--- Available data ---

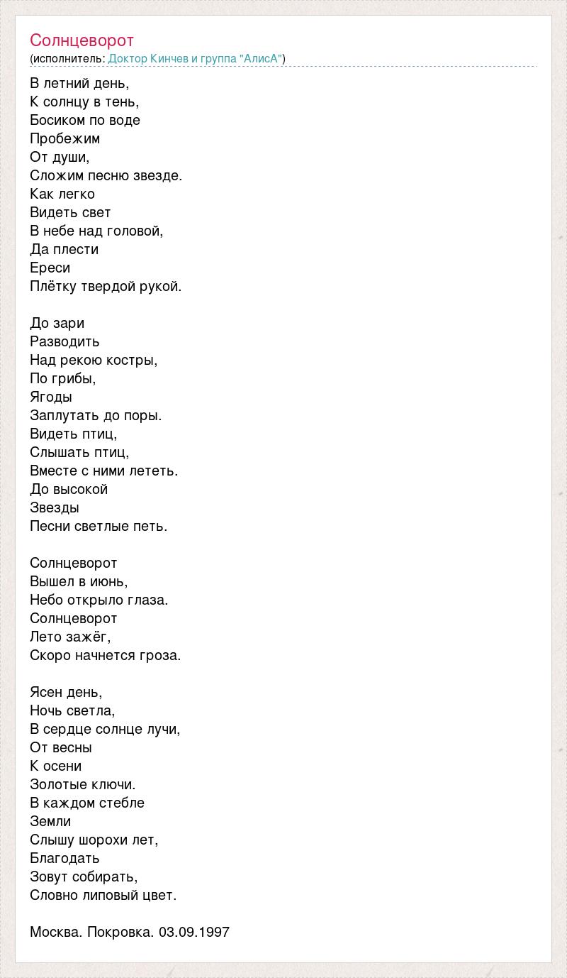 В летний день, К солнцу в тень, Босиком по воде Пробежим От души, Сложим песню звезде. Как легко Видеть свет В небе над головой, Да плести Ереси Плётку твердой рукой. До зари Разводить Над рекою костры, По грибы, Ягоды Заплутать до поры. Видеть птиц, Слышать птиц, Вместе с ними лететь. До высокой Звезды Песни светлые петь. Солнцеворот Вышел в июнь, Небо открыло глаза. Солнцеворот Лето зажёг, Скоро начнется гроза. Ясен день, Ночь светла, В сердце солнце лучи, От весны К осени Золотые ключи. В каждом стебле Земли Слышу шорохи лет, Благодать Зовут собирать, Словно липовый цвет. Москва. Покровка. 03.09.1997
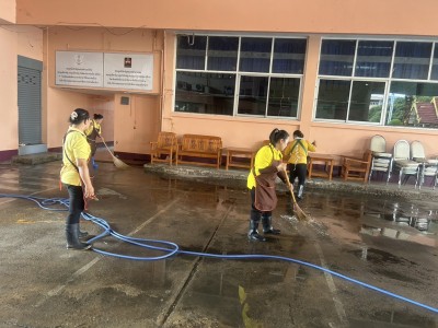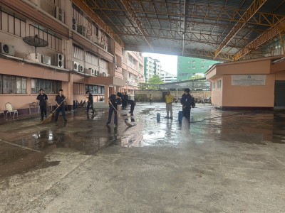 💪👷ภาพบรรยากาศการเตรียมความพร้อมสถานที่พิธีครอบครูช่างและพิธีไหว้ครู นำทีมโดยครูธนกร เลิศสกุณี หัวหน้างานอาคารสถานที่ นักการ แม่บ้าน นักเรียน นักศึกษา วิทยาลัยเทคนิคเชียงราย
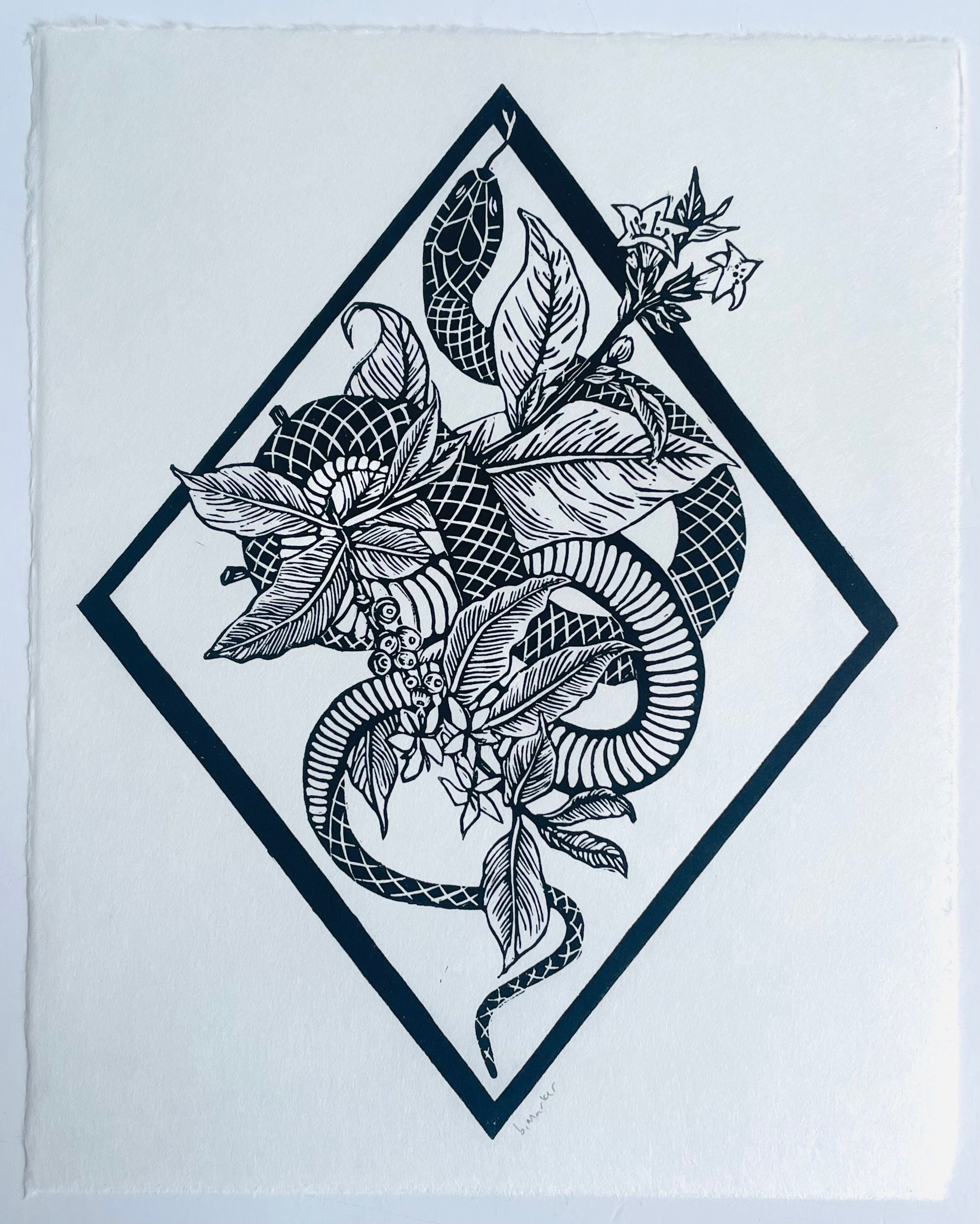 Handmade Lino-Cut Print by Louisville Artist House of Figs Studio. Featuring a snake and botanical elements within a diamond shape.

---

▸ **Work task**
Print the material again word for word. Please drop every picture.

▸ **Solution**
 В летний день, К солнцу в тень, Босиком по воде Пробежим От души, Сложим песню звезде. Как легко Видеть свет В небе над головой, Да плести Ереси Плётку твердой рукой. До зари Разводить Над рекою костры, По грибы, Ягоды Заплутать до поры. Видеть птиц, Слышать птиц, Вместе с ними лететь. До высокой Звезды Песни светлые петь. Солнцеворот Вышел в июнь, Небо открыло глаза. Солнцеворот Лето зажёг, Скоро начнется гроза. Ясен день, Ночь светла, В сердце солнце лучи, От весны К осени Золотые ключи. В каждом стебле Земли Слышу шорохи лет, Благодать Зовут собирать, Словно липовый цвет. Москва. Покровка. 03.09.1997
 💪👷ภาพบรรยากาศการเตรียมความพร้อมสถานที่พิธีครอบครูช่างและพิธีไหว้ครู นำทีมโดยครูธนกร เลิศสกุณี หัวหน้างานอาคารสถานที่ นักการ แม่บ้าน นักเรียน นักศึกษา วิทยาลัยเทคนิคเชียงราย
 Handmade Lino-Cut Print by Louisville Artist House of Figs Studio. Featuring a snake and botanical elements within a diamond shape.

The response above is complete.